## Data supplied

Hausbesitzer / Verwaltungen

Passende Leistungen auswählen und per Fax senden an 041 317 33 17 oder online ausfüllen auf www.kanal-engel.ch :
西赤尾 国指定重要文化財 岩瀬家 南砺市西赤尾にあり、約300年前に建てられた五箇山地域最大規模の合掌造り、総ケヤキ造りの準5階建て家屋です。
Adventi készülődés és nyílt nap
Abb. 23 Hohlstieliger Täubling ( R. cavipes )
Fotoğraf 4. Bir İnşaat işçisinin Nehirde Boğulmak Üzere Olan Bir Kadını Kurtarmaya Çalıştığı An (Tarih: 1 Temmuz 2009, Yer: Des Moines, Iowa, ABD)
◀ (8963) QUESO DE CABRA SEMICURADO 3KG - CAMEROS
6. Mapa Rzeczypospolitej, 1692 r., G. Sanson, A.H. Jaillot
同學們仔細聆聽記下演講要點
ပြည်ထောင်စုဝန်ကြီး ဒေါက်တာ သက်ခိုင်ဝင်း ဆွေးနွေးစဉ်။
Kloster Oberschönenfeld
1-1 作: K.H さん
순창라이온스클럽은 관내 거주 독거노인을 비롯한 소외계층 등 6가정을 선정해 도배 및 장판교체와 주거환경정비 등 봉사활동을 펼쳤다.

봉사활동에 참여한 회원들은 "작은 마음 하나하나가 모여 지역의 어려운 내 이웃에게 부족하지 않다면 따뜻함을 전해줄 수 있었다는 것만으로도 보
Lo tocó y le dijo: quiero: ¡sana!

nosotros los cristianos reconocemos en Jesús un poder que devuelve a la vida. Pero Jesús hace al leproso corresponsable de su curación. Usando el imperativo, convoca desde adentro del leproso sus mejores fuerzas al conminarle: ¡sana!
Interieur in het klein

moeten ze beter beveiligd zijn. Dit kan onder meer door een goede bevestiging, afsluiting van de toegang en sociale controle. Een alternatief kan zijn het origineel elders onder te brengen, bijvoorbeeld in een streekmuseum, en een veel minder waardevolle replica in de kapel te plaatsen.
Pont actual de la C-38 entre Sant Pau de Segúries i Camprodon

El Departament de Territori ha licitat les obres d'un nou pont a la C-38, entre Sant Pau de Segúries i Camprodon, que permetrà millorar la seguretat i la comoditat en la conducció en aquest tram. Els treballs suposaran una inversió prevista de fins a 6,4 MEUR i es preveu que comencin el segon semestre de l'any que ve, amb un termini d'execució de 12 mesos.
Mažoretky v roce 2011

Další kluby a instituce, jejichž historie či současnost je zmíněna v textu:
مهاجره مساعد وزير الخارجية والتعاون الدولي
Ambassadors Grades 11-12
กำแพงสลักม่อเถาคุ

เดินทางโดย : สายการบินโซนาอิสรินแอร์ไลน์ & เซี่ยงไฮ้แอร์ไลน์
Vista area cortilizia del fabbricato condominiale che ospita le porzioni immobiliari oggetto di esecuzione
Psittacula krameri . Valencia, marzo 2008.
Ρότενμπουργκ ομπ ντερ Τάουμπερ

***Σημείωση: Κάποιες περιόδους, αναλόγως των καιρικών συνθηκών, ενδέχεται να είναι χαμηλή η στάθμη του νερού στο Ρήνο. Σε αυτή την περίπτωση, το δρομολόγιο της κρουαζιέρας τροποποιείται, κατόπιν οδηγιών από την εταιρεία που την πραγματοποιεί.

## Problem description
Copy out only the lines from the one containing "Další kluby a" down to the last line of the material, keeping both ends.

## Result of this exercise
Další kluby a instituce, jejichž historie či současnost je zmíněna v textu:
مهاجره مساعد وزير الخارجية والتعاون الدولي
Ambassadors Grades 11-12
กำแพงสลักม่อเถาคุ

เดินทางโดย : สายการบินโซนาอิสรินแอร์ไลน์ & เซี่ยงไฮ้แอร์ไลน์
Vista area cortilizia del fabbricato condominiale che ospita le porzioni immobiliari oggetto di esecuzione
Psittacula krameri . Valencia, marzo 2008.
Ρότενμπουργκ ομπ ντερ Τάουμπερ

***Σημείωση: Κάποιες περιόδους, αναλόγως των καιρικών συνθηκών, ενδέχεται να είναι χαμηλή η στάθμη του νερού στο Ρήνο. Σε αυτή την περίπτωση, το δρομολόγιο της κρουαζιέρας τροποποιείται, κατόπιν οδηγιών από την εταιρεία που την πραγματοποιεί.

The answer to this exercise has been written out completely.